7. Poor Waterproofing or Lack of Internal Protection
Many concrete tanks are built without adequate internal protection, leaving the concrete exposed to continual stress from:
- moisture penetration
- sediment accumulation
- chemical compounds
- temperature shifts
- mechanical abrasion
Internal waterproofing or lining systems dramatically reduce stress on the concrete. Modern advanced liner solutions help preserve tank walls and prevent crack formation by creating a complete protective barrier.
8. Repetitive Fill-Empty Cycles
Each time a concrete tank fills and empties, it undergoes:
- load changes
- pressure strain
- flexing at weak points
- water-induced thermal variation
Tanks used for irrigation, industrial batching or stormwater retention suffer the highest fracture rates due to frequent cycling.
9. Aging and Long-Term Material Fatigue
Even high-quality concrete has a finite lifespan. Over decades, tanks naturally experience:
- cumulative stress
- erosion
- micro-fracture growth
- structural fatigue
Without reinforcement or modern liners, older tanks inevitably develop cracks—sometimes suddenly, sometimes gradually over years of use.
How Cracks Lead to Long-Term Damage
Concrete cracks are more than a visual issue. Left untreated, they can cause:
- water seepage and loss
- contamination of stored water
- rapid growth of cracks
- weakening of tank walls
- tank failure or expensive rebuilds
- rebar corrosion and structural collapse
This is why early identification and preventative protection are critical.
Best Practices to Prevent Concrete Tank Cracks
Install Protective Liners
Liners act as a barrier against water, pressure, chemicals and temperature extremes—preventing crack formation and stopping existing cracks from worsening.
Perform Routine Inspections
Regular checks help catch early signs of cracking before major damage occurs.
Manage Soil Conditions Around the Tank
Drainage improvements, compaction and stabilisation can reduce settlement-related cracking.
Control Fill-Empty Cycles when Possible
Smoother flow management helps reduce stress on tank walls.

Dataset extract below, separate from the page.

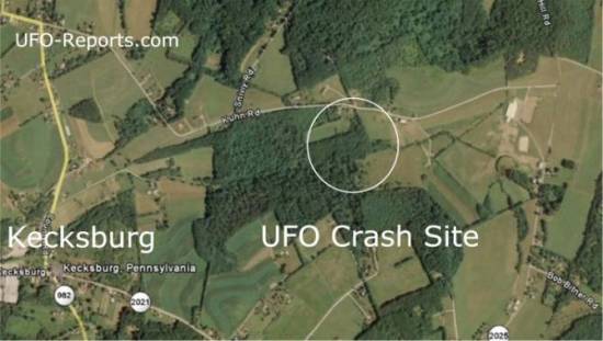 Kažkokio stambaus objekto ir jo nuolaužų kritimą matė beveik visi nedidelio Keksburgo miestelio, esančio už 30-ies mylių nuo Pitsburgo (Pensilvanijos valstija), gyventojai. Dešimtmetis berniukas iš Keksburgo pasakojo, kad matė, kaip kažkoks objektas nusileido miške. Jo mama matė, kad iš to taško miške į dangų pakilo mėlyni dūmai. Ji apie incidentą pranešė valdžios atstovams ir vietinio radijo korespondentams.

Address UV and Thermal Exposure
Shade structures or reflective coatings help stabilise temperatures.
Final Recommendation
Concrete tanks remain a reliable choice for industrial and rural water storage, but they are not immune to long-term structural stress. Most concrete tank cracks form slowly—starting as barely visible lines before expanding into serious failures. With proper engineering-grade liners, regular inspections and proactive maintenance, facility owners can extend tank life, preserve water quality and avoid costly structural repairs.